Decipher the Knative's Open-Source Serverless Framework: Traffic Perspective

By Yuanyi

Knative is an open-source serverless application orchestration framework based on Kubernetes. Its goal is to establish cloud-native and cross-platform serverless application orchestration standards. The main features of Knative include request-based auto scaling, scale-in to 0, multi-version management, traffic-based canary release, function deployment, and event-driven architecture.

For web applications, traffic metrics such as parallelism, QPS, and RT can be used to measure the current web service quality. Knative provides request-driven serverless capabilities, including multi-version traffic management, traffic access, traffic-based elasticity, and monitoring. This article deciphers the capabilities of Knative from the perspective of traffic.

Traffic Management

How to Implement a Blue-green Deployment

Let's take a look at how to implement a traffic-based blue-green deployment in Kubernetes.

First, you need to create the corresponding Kubernetes Service and Deployment. If you want elasticity, you also need to configure HPA. Then, when doing traffic canary release, you need to create a new version. Using the example in the figure above, the original version is v1, and to achieve the canary release, a new version, v2, needs to be created. To create v2, you must create the corresponding Service, Deployment, and HPA. After creation, you can adjust the traffic distribution ratio through Ingress to achieve canary release. Clearly, implementing traffic-based blue-green deployment in Kubernetes requires managing multiple resources, and as versions iterate, management will become more complex.

In contrast, achieving traffic-based canary release in Knative only requires targeting a resource object of the Knative Service and adjusting the traffic ratio.

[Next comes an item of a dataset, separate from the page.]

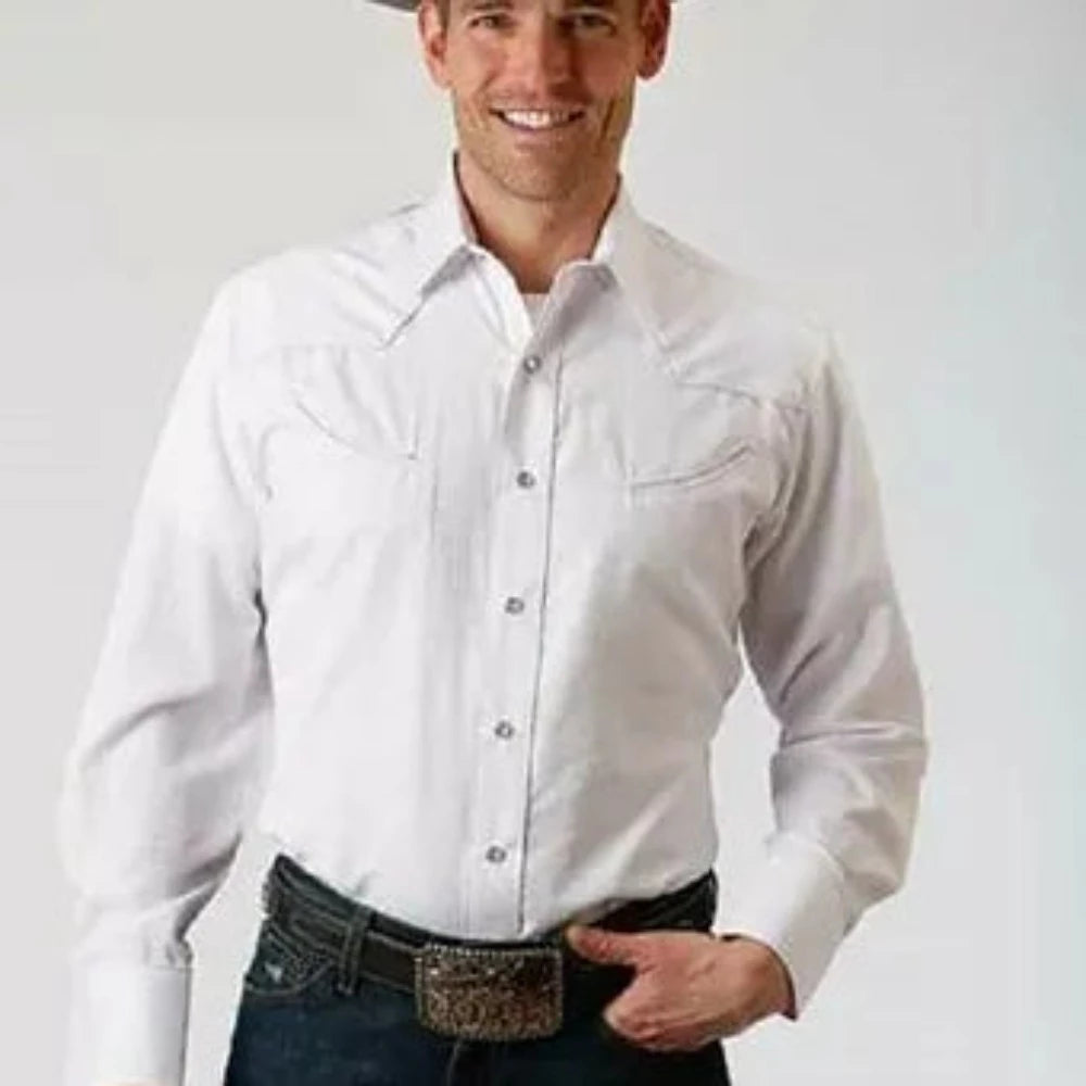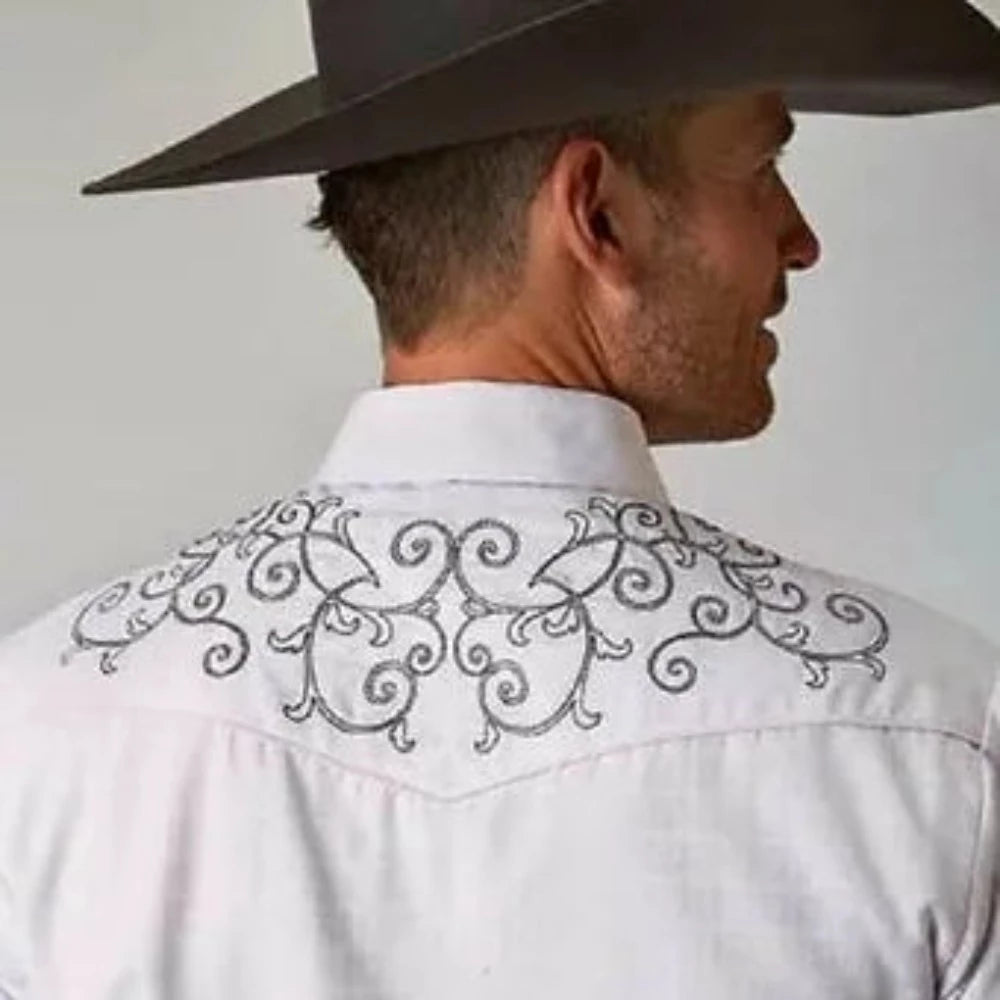 Roper Mens White Tone on Tone Dobby Western Shirt w/ Embroidery

Knative offers an abstraction of the serverless application model called the Service. The Knative Service configuration consists of two parts: Configuration and Route. Configuration is used to configure the workload and creates a new Revision whenever it is updated. Route is primarily responsible for traffic management in Knative. Basically, Knative Revision ≈ Ingress + Service + Deployment + Elasticity (HPA). The following example shows the traffic configuration of a Knative service:

apiVersion: serving.knative.dev/v1
kind: Service
metadata:
  name: example-service
  namespace: default
spec:
...
  traffic:
  - percent: 0
    revisionName: example-service-1
    tag: staging
  - percent: 40
    revisionName: example-service-2
  - percent: 60
    revisionName: example-service-3

To achieve traffic-based blue-green deployment, you only need to configure the corresponding traffic ratio between different revision versions. The same applies when rolling back to the original version; you just need to switch the traffic of the new version back to 0 and set the original version to 100.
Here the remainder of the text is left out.